A menu option for selecting either a round or rectangle duct cross-section may be provided depending on the duct fitting type, which may then dynamically set or change the prompt for a diameter or cross-section of the duct fitting. After specifying the information requested in the duct fitting menu by the prompts, the duct fitting may be added to the active construction drawing by moving a cursor or pointer to a corresponding location of the drawing via a navigation input tool such as a mouse and clicking or selecting the corresponding location on the of the drawing via the navigation input tool. Clicking or selecting the corresponding location on the of the drawing will place a UI element corresponding to the added duct fitting on the drawing at the corresponding location as well as invoke and display a Fitting Properties UI screen. The Fitting Properties UI screen displays the Fitting Properties in an editable form and includes onscreen buttons to correct or delete the added duct fitting.
After specifying the information requested in the pipe fitting menu by the prompts, the pipe fitting may be added to the active construction drawing by moving a cursor or pointer to a corresponding location of the drawing via a navigation input tool such as a mouse and clicking or selecting the corresponding location on the of the drawing via the navigation input tool.
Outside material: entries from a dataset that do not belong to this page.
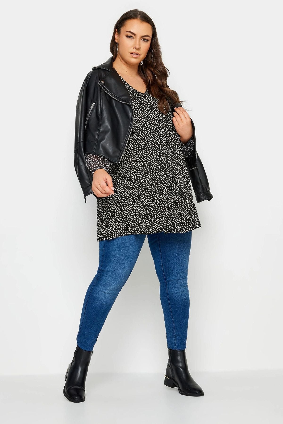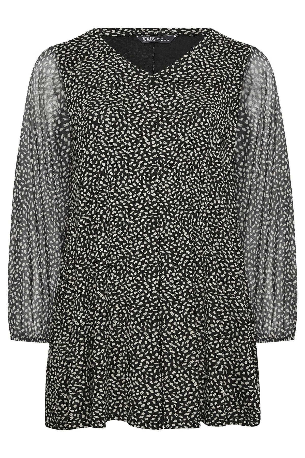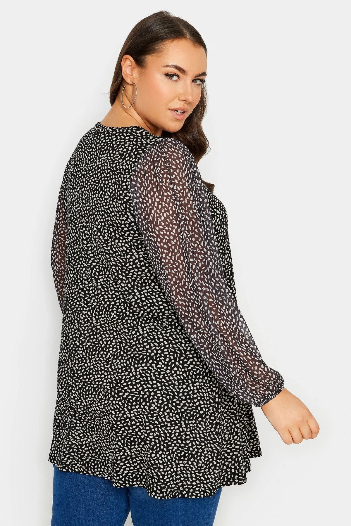Büyük Beden Uzun Kolları Tül Detaylı Pileli V Yaka Bluz 302826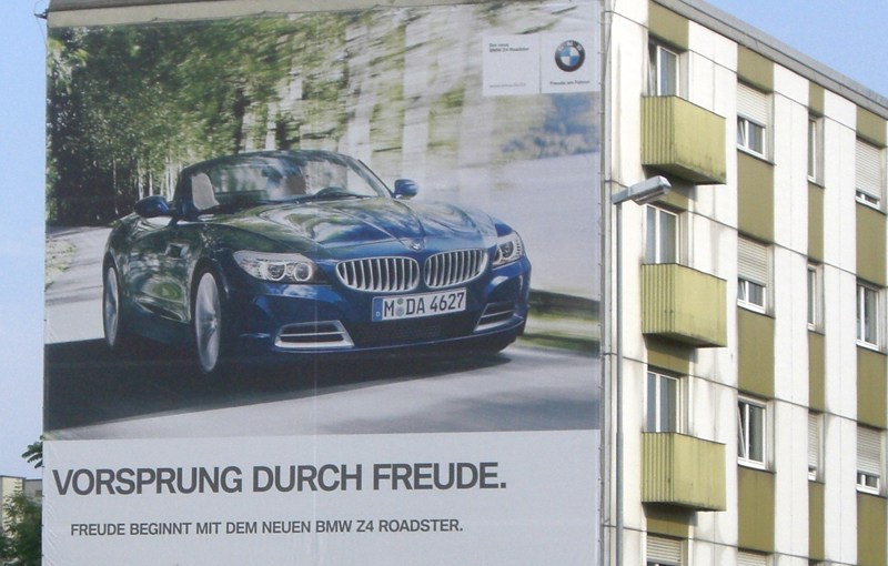 Razbunarea a fost insa pe masura, acum o luna. BMW a lansat campania mondiala de reclame cu Bucuria de a conduce. Si au decis sa o aplice inclusiv pe laterala unei cladiri exact de la intrarea in fabrica Audi. Progres prin tehnologie e sloganul Audi, iar reclama scria Progres in bucurie. Viva BMW!!!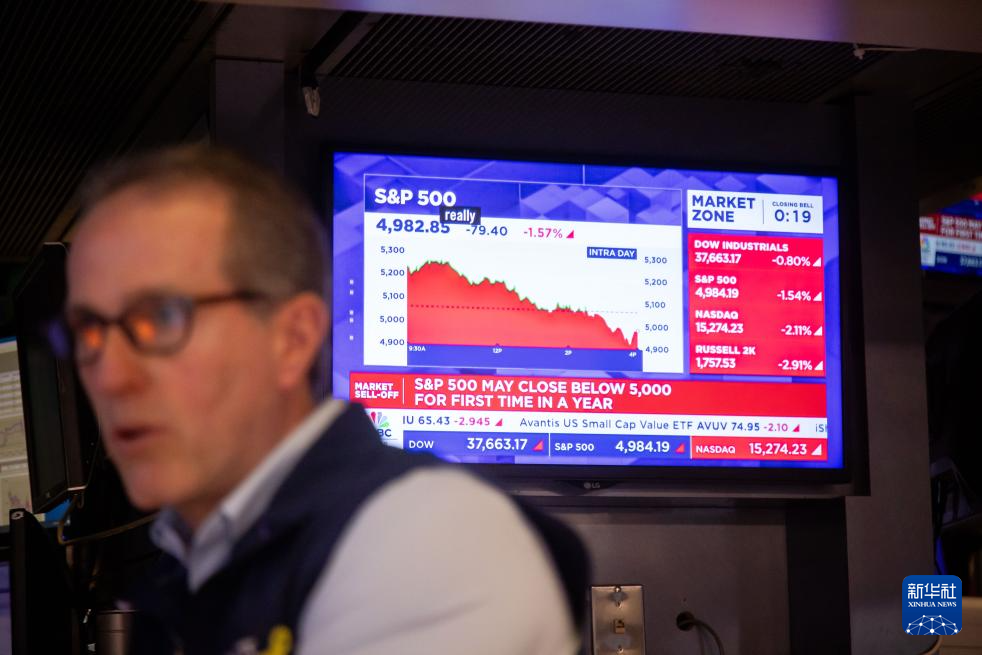 截至当天收盘,道琼斯工业平均指数比前一交易日下跌320.01点,收于37645.59点,跌幅为0.84%;标准普尔500种股票指数下跌79.48点,收于4982.77点,跌幅为1.57%;纳斯达克综合指数下跌335.35点,收于15267.91点,跌幅为2.15%。
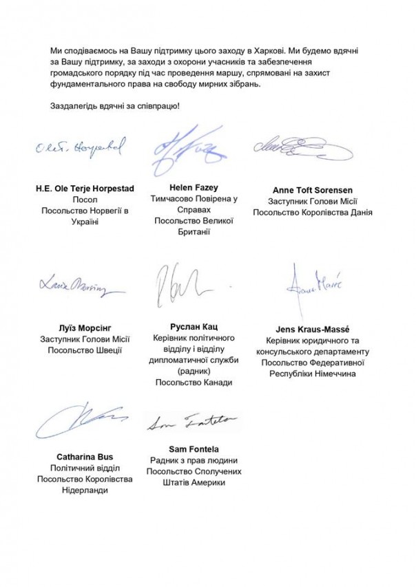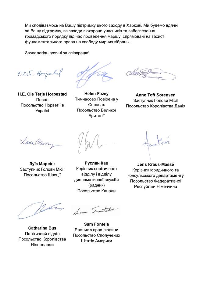 Представители международных организаций, донорских учреждений и посольств гарантируют продолжение работы с полицией. В защиту мероприятия выступили посол Норвегии и представители дипмиссий США, Великобритании, Германии, Канады, Нидерландов, Швеции и Дании в Киеве. И это неудивительно, ведь организаторы акции сидят на довольствии за пределами Харькова и Украины.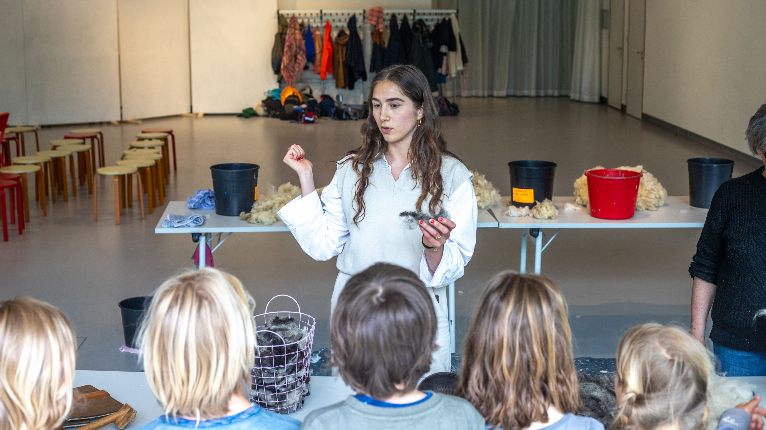 Terwijl er buiten schapen rondlopen, is er binnen in elke hoek wel iets anders te zien: tafels met wol, blikken met natuurlijke verf en badjes om de wol in te wassen. Met behulp van uitleg van experts, van wat ze zelf zien en natuurlijk met behulp van hun handen leren de leerlingen stap voor stap hoe ze op een duurzame manier producten kunnen maken van wol. Dit is bijzonder belangrijk, legt Lonneke Metselaar uit, omdat de waarde van wol tegenwoordig niet meer wordt erkend. "In Nederland wordt wol eigenlijk als afval behandeld en verbrand, terwijl onze wollen truien uit Nieuw-Zeeland komen."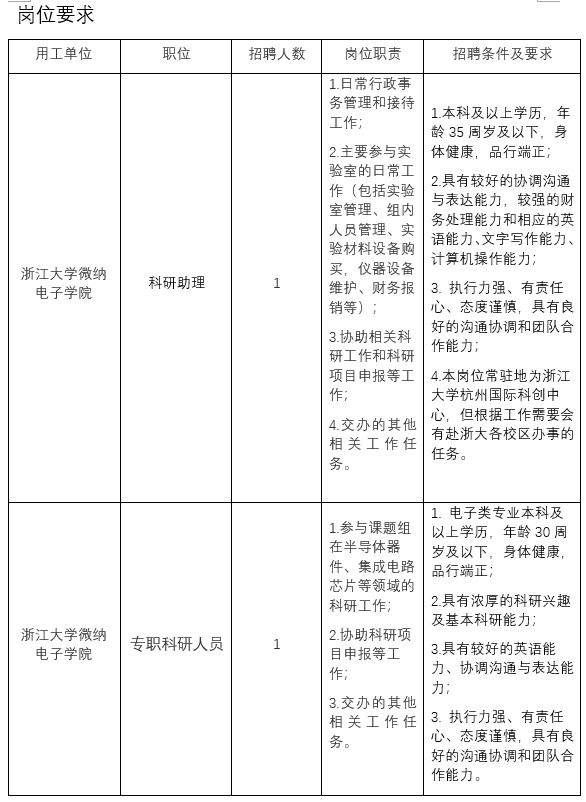 浙江大学杭州国际科创中心 诚聘科研助理及专职科研人员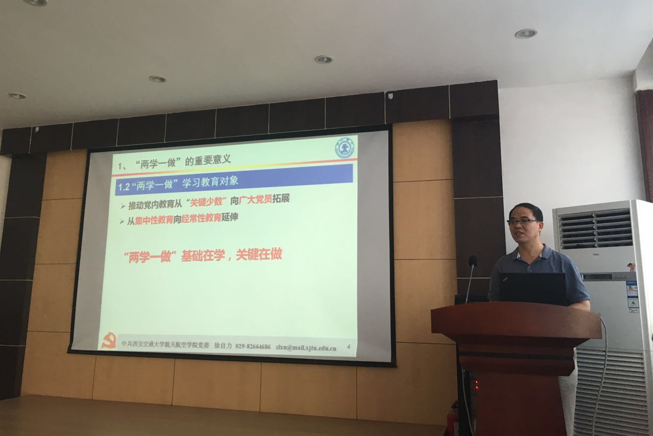 召开了“深入领会‘两学一做’精神,大胆创新,助推双一流建设”党员大会。学校王铁军副校长、学院院长申胜平教授、副书记(主持工作)徐自力教授、分党委委员江俊教授、田晓耕教授及学院全体教工党员和学生党员代表出席了此次会议。

Clicking or selecting the corresponding location on the of the drawing will place a UI element corresponding to the added pipe fitting on the drawing at the corresponding location as well as invoke and display a Fitting Properties UI screen. The Fitting Properties UI screen displays the Fitting Properties in an editable form and includes onscreen buttons to correct or delete the added pipe fitting.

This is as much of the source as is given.